The key findings are:

Individual TS estimators (arima, sarimax, holt-winters) FAIL with log_training_metric=True
ML estimators (xgboost, lgbm, catboost) PASS
When log_training_metric is NOT set, arima PASSES (see the holdout split test)

ROOT CAUSE HYPOTHESIS:

  • log_training_metric=True causes FLAML to call get_y_pred() on X_train
  • For time series models (arima, sarimax, holt-winters), this fails because
    the TS model's predict() method expects X to have timestamps, but during
    internal validation, X_train can be empty or malformed.

Steps to reproduce

Script for reproduction

"""
FLAML Root Cause Verification Test

Hypothesis: The bug is triggered by `log_training_metric=True` with time series models.

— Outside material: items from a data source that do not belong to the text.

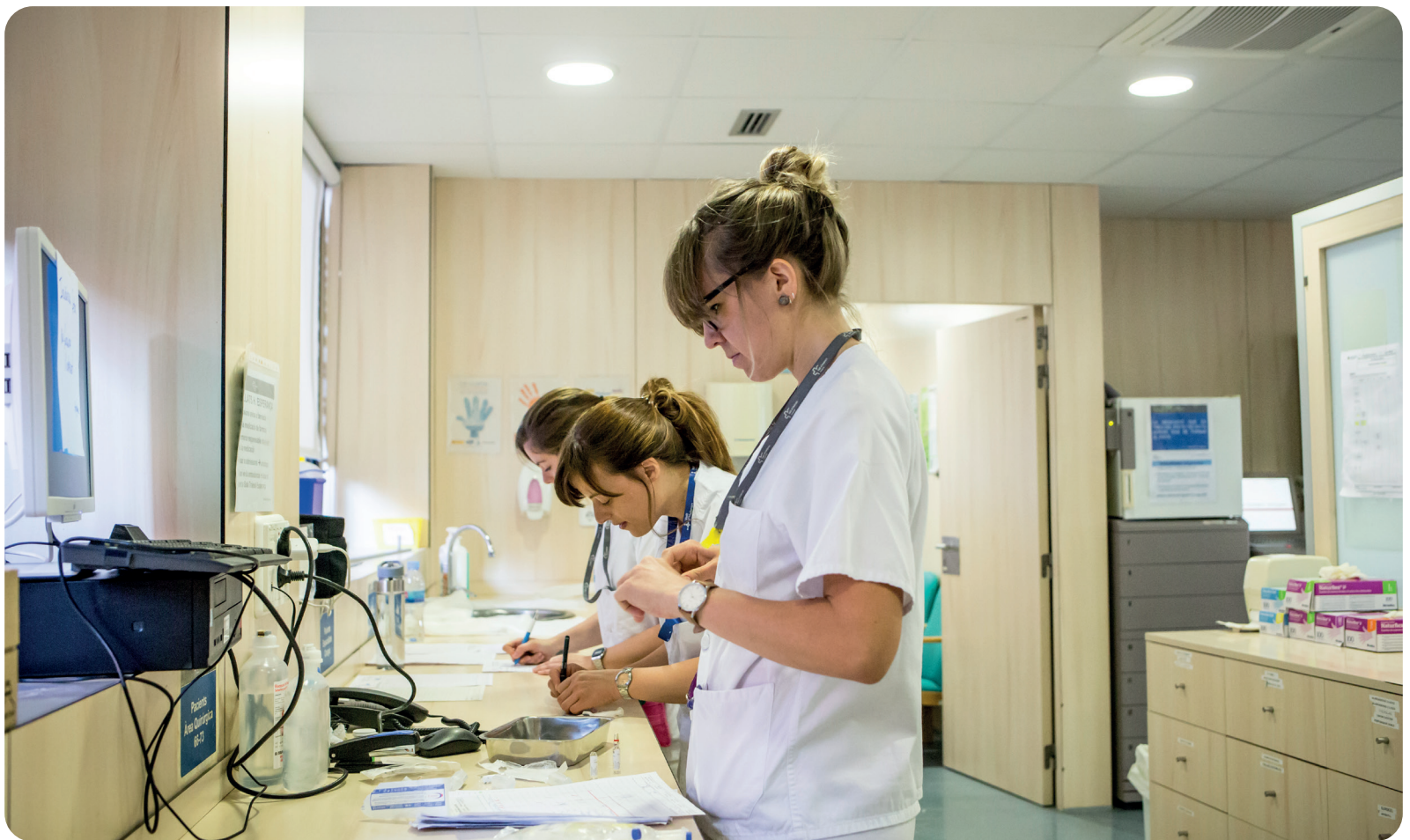
Fotos Banc Imatges Infermeres Autoría: Ariadna Creus y Ángel García

Periódico de la Organización Colegial de Enfermería de la Comunidad Valenciana Dirigido al alumnado del Grado de Enfermería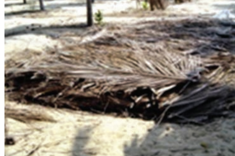
ತೆಂಗಿನ ತೋಟದ ಗುಂಡಿಯಲ್ಲಿ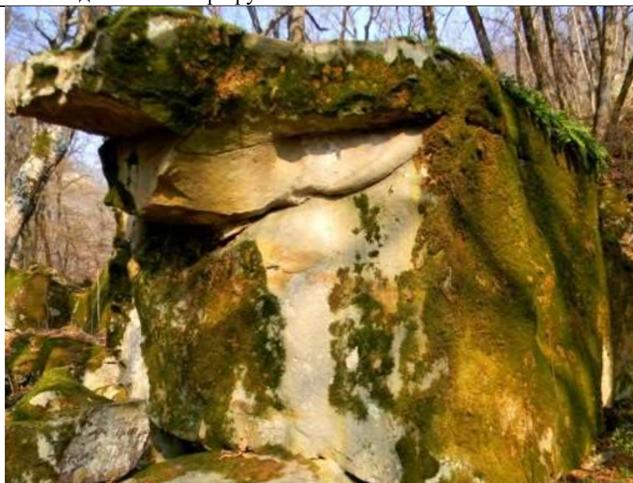
Достопримечательности рядом с Красными скалами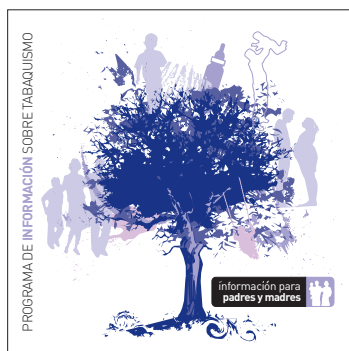
información para padres y madres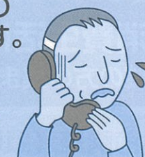
(消費者庁イラスト集より)

被害者は、高齢者に多く、自宅の固定電話に犯人からの電話がかかってきたことをきっかけに被害にあっています。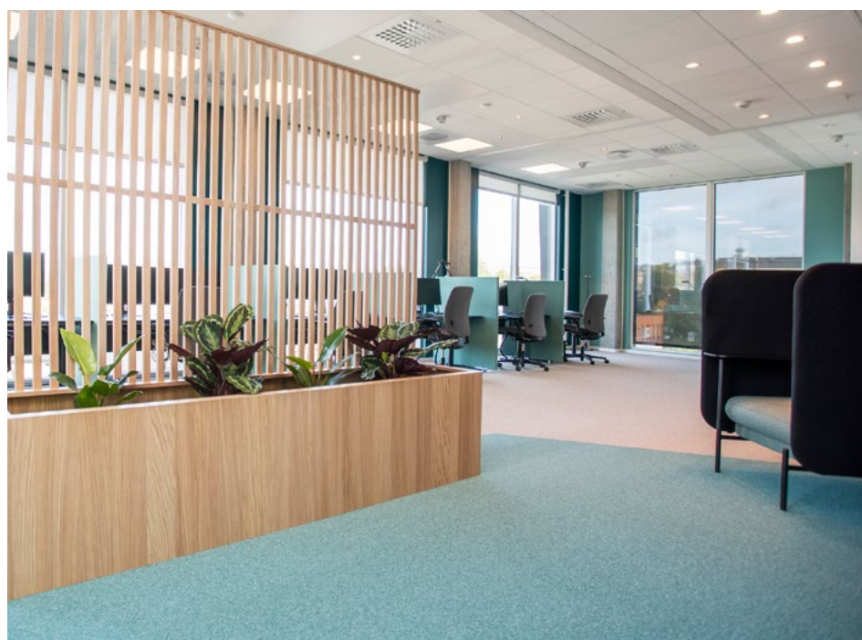
Stillesal på plan 07. Her setter man seg når man absolutt ikke vil bli forstyrret. For å få et reelt stillerom er det viktig med gode bruksregler. Hvis man skal få tak i en person som sitter her inne, må man sende dem en e-post eller melding. En plantekasse med spiller bidrar til en opplevelse av skjerming mot inngangsdør.

man i begge etasjer ordinære landskap med free seating. Med kjerner og multirom som buffer for arbeidsplassene, kommer man over i en felles samhandlingssone for teamarbeid og ad-hoc-arbeid der man også har felles oppbevaring. Denne sonen glir over i den sosiale sonen med kjøkken og internt trapp. På plan 06 finner man Sykehusbyggs inngang. Dette er også etasjen med høy puls. Det vil si at det er lagt til funksjoner og soner med høy grad av sambruk og samhandling, ofte i åpne og semi-åpne løsninger for å få glidende overganger mellom løsninger og funksjoner. Plan 07 er etasjen med lav puls. Det vil si at den sosiale sonen her er mindre, og samhandlingssonen er bak lukkede glassvegger. Man ser, men man hører ikke. Det har vært stort fokus på universell utforming, da de har ansatte som sitter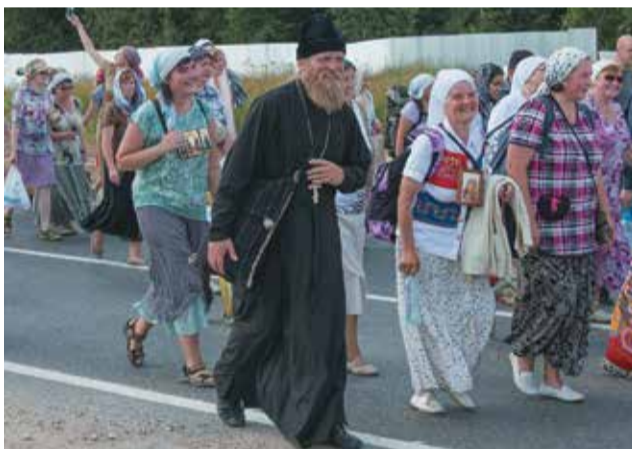
Настроение у всех было праздничное

с хоругвями и иконами в руках. По обочинам дорог стояли местные жители. Они выносили воду паломникам, а кто-то даже обливал их колодезной водой.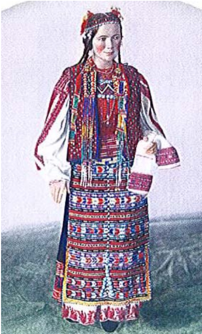
Снимка №3 – женска носия от Търновско, фото Т. Л. Митрейтер, 1880, РЕМ.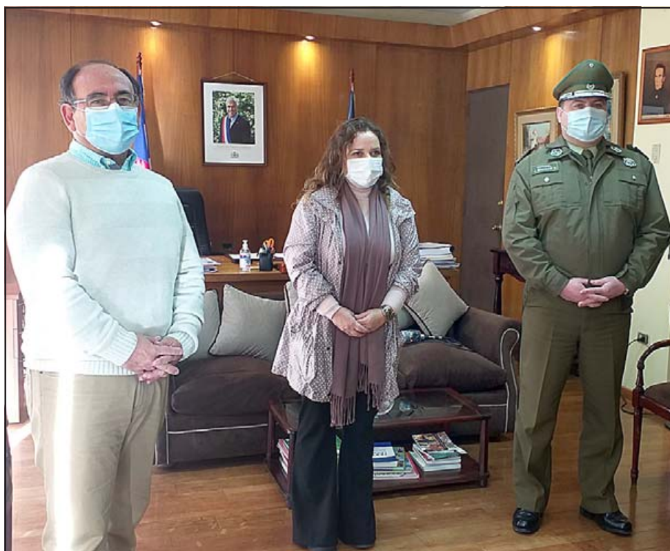
PASE DE MOVILIDAD. - En la jornada de trabajo este viernes participaron el gobernador de la provincia de San Felipe, Claudio Rodríguez Cataldo; junto a representantes locales del Ejército, Carabineros y Seremi de Salud.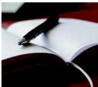
מזכירות סטודנטים <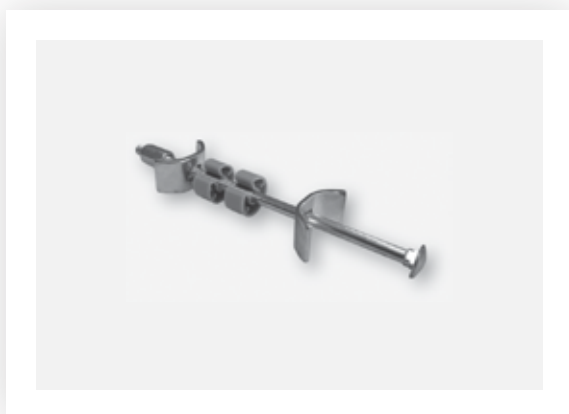
Vijak za spajanje delovnih plošč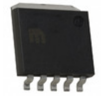
MIC37152BR Microchip Technology IC REG LDO ADJ 1.5A SPAK-5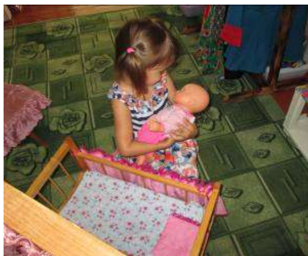
СЮЖЕТНО – РОЛЕВЫЕ ИГРЫ «СЕМЬЯ», «ДОЧКИ – МАТЕРИ», «Салон красоты» и т.д.

When log_training_metric=True, FLAML tries to compute training predictions
via get_y_pred() which calls estimator.predict(X_train). For TS models,
this fails because X_train can be empty during certain validation scenarios.
"""

import sys
import os
sys.path.insert(0, os.path.dirname(os.path.dirname(os.path.abspath(__file__))))

import numpy as np
import pandas as pd
import sktime.datasets
from flaml import AutoML

def prepare_airline_data():
    """Prepare Airline data in FLAML format."""
    airline = sktime.datasets.load_airline()
    airline.index = airline.index.to_timestamp()
    
    return pd.DataFrame({
        "ds": airline.index,
        "y": airline.values.astype(np.float64),
    })


def test_log_training_metric_hypothesis():
    """Test if log_training_metric=True is the root cause."""
    print("\n" + "="*70)
    print("ROOT CAUSE VERIFICATION: log_training_metric")
    print("="*70)
    
    train_df = prepare_airline_data()
    
    # Base config
    base_config = {
        "task": "ts_forecast",
        "time_budget": 10,
        "metric": "mape",
        "eval_method": "holdout",
        "seed": 42,
        "verbose": 0,
        "estimator_list": ["arima"],
    }
    
    # Test 1: WITHOUT log_training_metric
    print("\n--- Test 1: WITHOUT log_training_metric ---")
    config1 = base_config.copy()
    
    try:
        automl = AutoML()
        automl.fit(dataframe=train_df, label="y", period=1, **config1)
        print(f"  ✅ SUCCESS - Best: {automl.best_estimator}")
    except Exception as e:
        print(f"  ❌ FAILED - {type(e).__name__}: {e}")
    
    # Test 2: WITH log_training_metric=True
    print("\n--- Test 2: WITH log_training_metric=True ---")
    config2 = base_config.copy()
    config2["log_training_metric"] = True
    
    try:
        automl = AutoML()
        automl.fit(dataframe=train_df, label="y", period=1, **config2)
        print(f"  ✅ SUCCESS - Best: {automl.best_estimator}")
    except Exception as e:
        print(f"  ❌ FAILED - {type(e).__name__}: {e}")
    
    # Test 3: WITH log_training_metric=False (explicit)
    print("\n--- Test 3: WITH log_training_metric=False ---")
    config3 = base_config.copy()
    config3["log_training_metric"] = False
    
    try:
        automl = AutoML()
        automl.fit(dataframe=train_df, label="y", period=1, **config3)
        print(f"  ✅ SUCCESS - Best: {automl.best_estimator}")
    except Exception as e:
        print(f"  ❌ FAILED - {type(e).__name__}: {e}")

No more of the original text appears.